Google’s Blogger service experienced a major outage on Thursday May 12 that continued until service was finally restored on Friday, May 13 at 1030 AM PDT. Users were unable to log-in to the dashboard that enables bloggers to publish and edit posts, edit widgets and alter the design templates for their blogs. The outage coincided with the impending launch of a major overhaul to Blogger’s user interface and functionality, but a Blogger tweet asserted the independence of the outage from the upcoming redesign. Most notable about the outage, however, was Google’s tight lipped explanation of the technical reasons responsible for the outage in contradistinction to Amazon Web Service’s (AWS) exhaustively thorough explanation of its own service outage in late April. Blogger’s Tech Lead/Manager Eddie Kessler explained the Blogger outage as follows:

Here’s what happened: during scheduled maintenance work Wednesday night, we experienced some data corruption that impacted Blogger’s behavior. Since then, bloggers and readers may have experienced a variety of anomalies including intermittent outages, disappearing posts, and arriving at unintended blogs or error pages. A small subset of Blogger users (we estimate 0.16%) may have encountered additional problems specific to their accounts. Yesterday we returned Blogger to a pre-maintenance state and placed the service in read-only mode while we worked on restoring all content: that’s why you haven’t been able to publish. We rolled back to a version of Blogger as of Wednesday May 11th, so your posts since then were temporarily removed. Those are the posts that we’re in the progress of restoring.
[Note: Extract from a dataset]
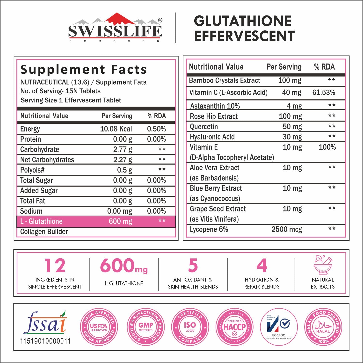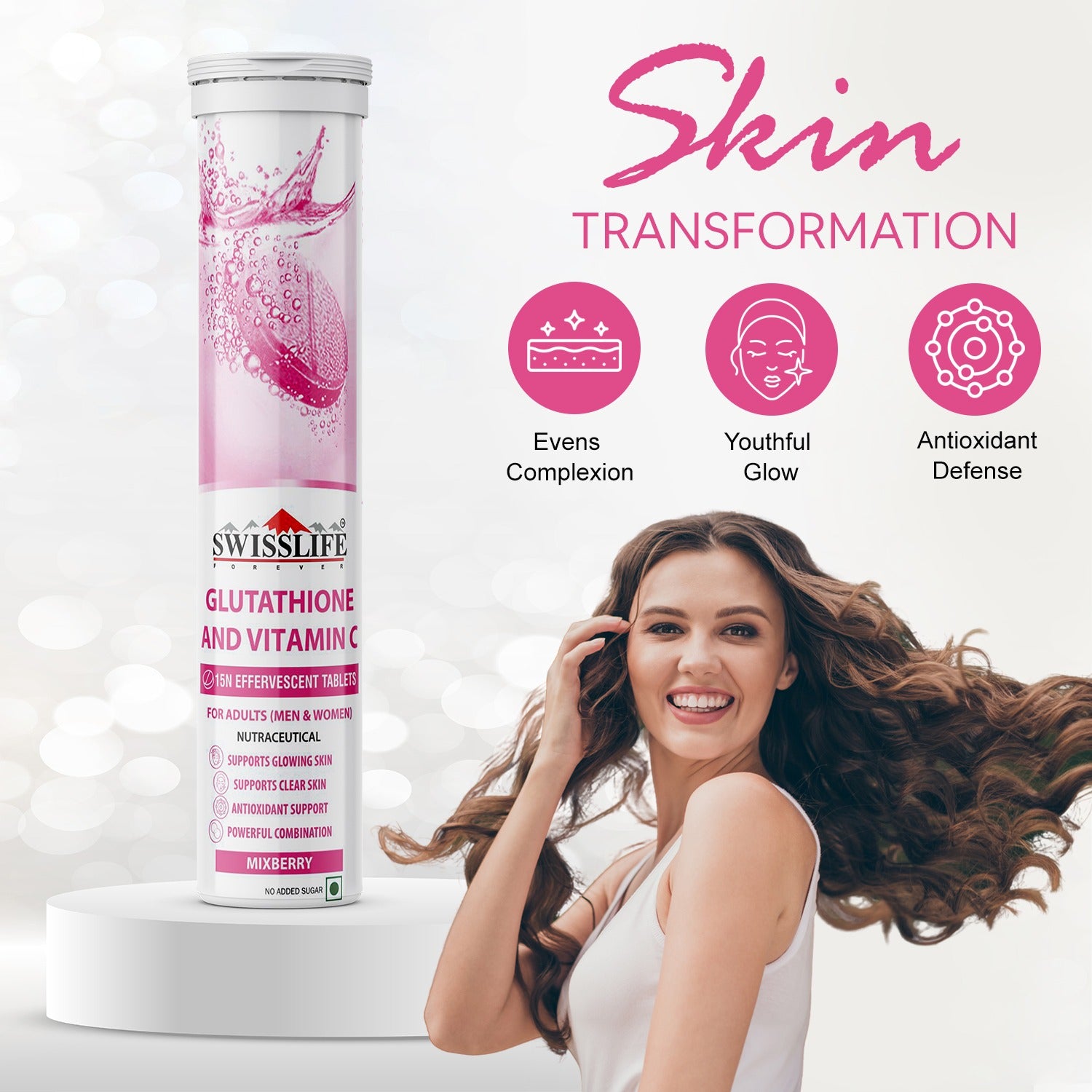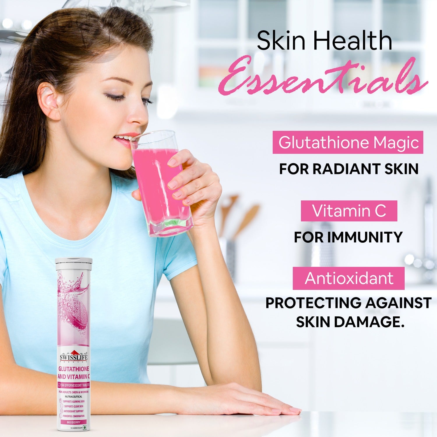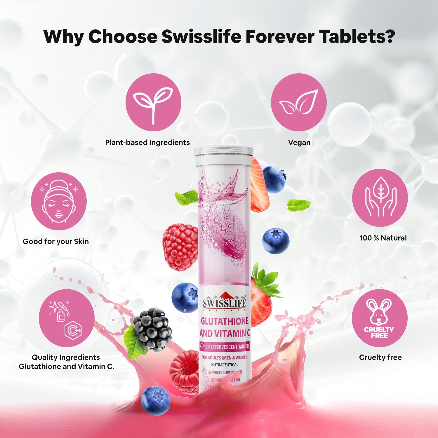✔️ Skin Renewal: Swisslife Forever Glutathione and Vitamin C Effervescent Tablets work together to revitalise your skin. L-Glutathione and Vitamin C help to reduce the appearance of dark spots, blemishes and uneven skin tone, for a brighter and more radiant complexion over time.

Routine maintenance caused “data corruption” that led to disappearing posts and the subsequent outage to the user management dashboard. But Kessler resists from elaborating on the error that resulted from “scheduled maintenance” nor does he specify the form of data corruption that caused such a wide variety of errors on blogger pages. In contrast, AWS revealed that the outage was caused by misrouting network bandwidth from a high bandwidth connection to a low bandwidth connection on Elastic Block Storage, the storage database for Amazon EC2 instances. In their post-mortem explanation, AWS described the repercussions of the network misrouting on the architecture of EBS within the affected Region in excruciatingly impressive detail. Granted, Blogger is a free service used primarily for personal blogging, whereas AWS hosts customers with hundreds of millions of dollars in annual revenue. Nevertheless, Blogger users published half a billion posts in 2010 which were read by 400 million readers across the world. Users, readers and cloud computing savants alike would all benefit from learning more about the technical issues responsible for outages such as this one because vendor transparency will only increase public confidence in the cloud and help propel industry-wide innovation. Even if the explanation were not quite as thorough as that offered by Amazon Web Services, Google would do well to supplement its note about “data corruption” with something more substantial for Blogger users and the cloud computing community more generally.